**Assigned task**: Restate the data word for word. Leave the pictures out.

**Information shown**:
----------

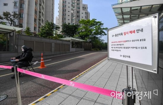 이태월 클럽발 코로나19 확산이 우려되고 있는 11일 서울 용산구 LG유플러스 사옥이 코로나19 확진자 발생으로 사옥을 임시 폐쇄하고 있다./강진형 기자aymsdream@
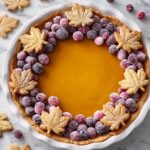 This Butternut Squash Pie recipe features a silky smooth pumpkin-based filling enriched with warm spices and baked in a flaky homemade crust. Topped with decorative pie crust leaves and tangy sugared cranberries, it makes a perfect seasonal dessert for fall and winter gatherings.
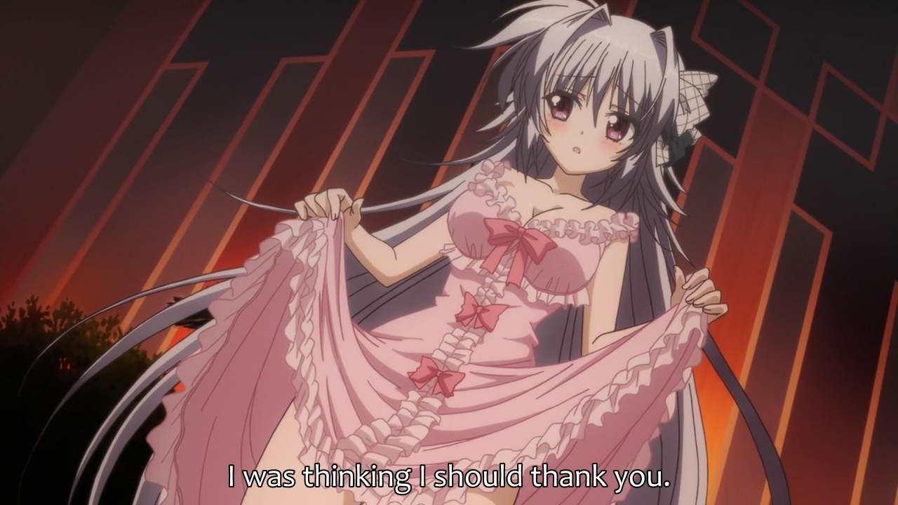— Like every loser harem lead out there, Yuu is appalled that Iris has barely any clothes on… except, y’know, a pink gown that covers up enough of her body… APPALLED!

----------

**Answer space**:
 이태월 클럽발 코로나19 확산이 우려되고 있는 11일 서울 용산구 LG유플러스 사옥이 코로나19 확진자 발생으로 사옥을 임시 폐쇄하고 있다./강진형 기자aymsdream@
 This Butternut Squash Pie recipe features a silky smooth pumpkin-based filling enriched with warm spices and baked in a flaky homemade crust. Topped with decorative pie crust leaves and tangy sugared cranberries, it makes a perfect seasonal dessert for fall and winter gatherings.
— Like every loser harem lead out there, Yuu is appalled that Iris has barely any clothes on… except, y’know, a pink gown that covers up enough of her body… APPALLED!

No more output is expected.